I'm trying to compute the dot product between a floating and a bit vector in the most efficient manner on a i7. In reality, I'm doing this operation on either 128 or 256-dimensional vectors, but for illustration, let me write the code for 64-dimensions to illustrate the problem:
// a has 64 elements. b is a bitvector of 64 dimensions.
float dot(float *restrict a, uint64_t b) {
float sum = 0;
for(int i=0; b && i<64; i++, b>>=1) {
if (b & 1) sum += a[i];
}
return sum;
}
This works, of course, but the problem is, this is the time-critical spot of the whole program (eats up the 95% CPU time of a 50 minutes run) so I desperately need to make it faster.
My guess is the branching above is the game killer (prevents out-of-order execution, causes bad branch prediction). I'm not sure if vector instructions could be used and helpful here. Using gcc 4.8 with -std=c99 -march=native -mtune=native -Ofast -funroll-loops, I'm currently getting this output
movl $4660, %edx
movl $5, %ecx
xorps %xmm0, %xmm0
.p2align 4,,10
.p2align 3
.L4:
testb $1, %cl
je .L2
addss (%rdx), %xmm0
.L2:
leaq 4(%rdx), %rax
shrq %rcx
testb $1, %cl
je .L8
addss 4(%rdx), %xmm0
.L8:
shrq %rcx
testb $1, %cl
je .L9
addss 4(%rax), %xmm0
.L9:
shrq %rcx
testb $1, %cl
je .L10
addss 8(%rax), %xmm0
.L10:
shrq %rcx
testb $1, %cl
je .L11
addss 12(%rax), %xmm0
.L11:
shrq %rcx
testb $1, %cl
je .L12
addss 16(%rax), %xmm0
.L12:
shrq %rcx
testb $1, %cl
je .L13
addss 20(%rax), %xmm0
.L13:
shrq %rcx
testb $1, %cl
je .L14
addss 24(%rax), %xmm0
.L14:
leaq 28(%rax), %rdx
shrq %rcx
cmpq $4916, %rdx
jne .L4
ret
Edit It's okay to permute the data (as long as the permutation is the same for all parameters), the ordering doesn't matter.
I'm wondering if there is something that will work at >3x speed of Chris Dodd's SSE2 code.
New note: AVX/AVX2 code is also welcome!
Edit 2 Given a bitvector, I have to multiply it with 128 (or 256, if it's 256-bit) different float vectors (so it's also okay to involve more that a single float vector at a time). This is the whole process. Anything that will speed up the whole process is also welcome!

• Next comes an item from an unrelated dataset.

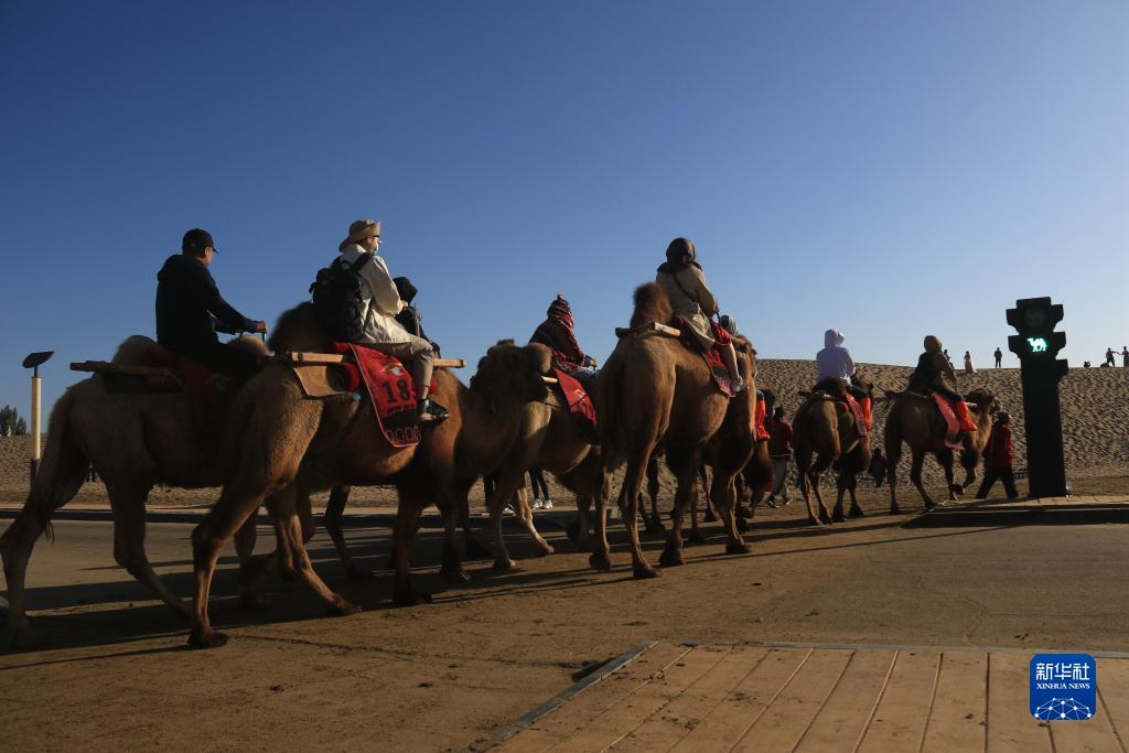 中秋、國慶假期期間,甘肅省敦煌市鳴沙山月牙泉景區迎來(lái)旅游高峰。設置在景區內行人步道和駱駝通道交叉點(diǎn)的交通信號燈“駱駝紅綠燈”引導人、車(chē)和駱駝?dòng)行蛲ㄐ?,確保了景區交通安全暢通。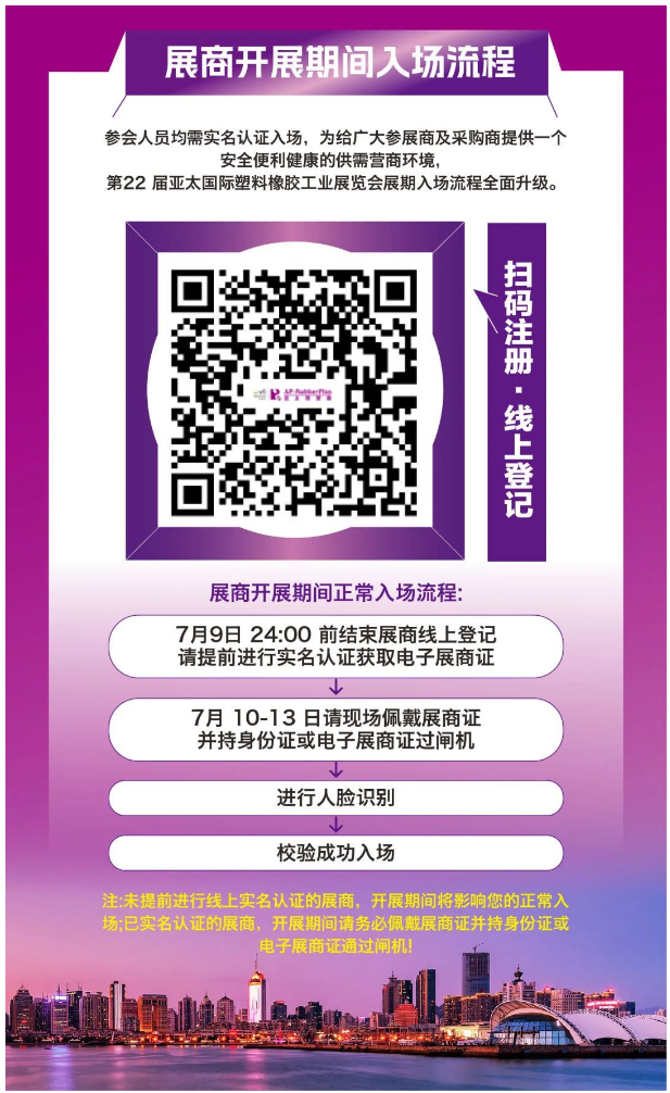 為給廣大參展商及采購(gòu)商提供一個(gè)安全便利健康的供需營(yíng)商環(huán)境,2025第22屆亞太國(guó)際塑料橡膠工業(yè)展覽會(huì)展期內(nèi)需實(shí)名認(rèn)證入場(chǎng)。

The best bet is going to be to use SSE ps instructions that operate on 4 floats at a time. You can take advantage of the fact that a float 0.0 is all 0 bits to use an andps instruction to mask off the undesired elements:
#include <stdint.h>
#include <xmmintrin.h>
union {
uint32_t i[4];
__m128 xmm;
} mask[16] = {
{ 0, 0, 0, 0 },
{ ~0, 0, 0, 0 },
{ 0, ~0, 0, 0 },
{ ~0, ~0, 0, 0 },
{ 0, 0, ~0, 0 },
{ ~0, 0, ~0, 0 },
{ 0, ~0, ~0, 0 },
{ ~0, ~0, ~0, 0 },
{ 0, 0, 0, ~0 },
{ ~0, 0, 0, ~0 },
{ 0, ~0, 0, ~0 },
{ ~0, ~0, 0, ~0 },
{ 0, 0, ~0, ~0 },
{ ~0, 0, ~0, ~0 },
{ 0, ~0, ~0, ~0 },
{ ~0, ~0, ~0, ~0 },
};
float dot(__m128 *a, uint64_t b) {
__m128 sum = { 0.0 };
for (int i = 0; i < 16; i++, b>>=4)
sum += _mm_and_ps(a[i], mask[b&0xf].xmm);
return sum[0] + sum[1] + sum[2] + sum[3];
}
If you expect there to be a lot of 0s in the mask, it might be faster to short-cicruit the 0s:
for (int i = 0; b; i++, b >>= 4)
if (b & 0xf)
sum += _mm_and_ps(a[i], mask[b&0xf].xmm);
but if b is random, this will be slower.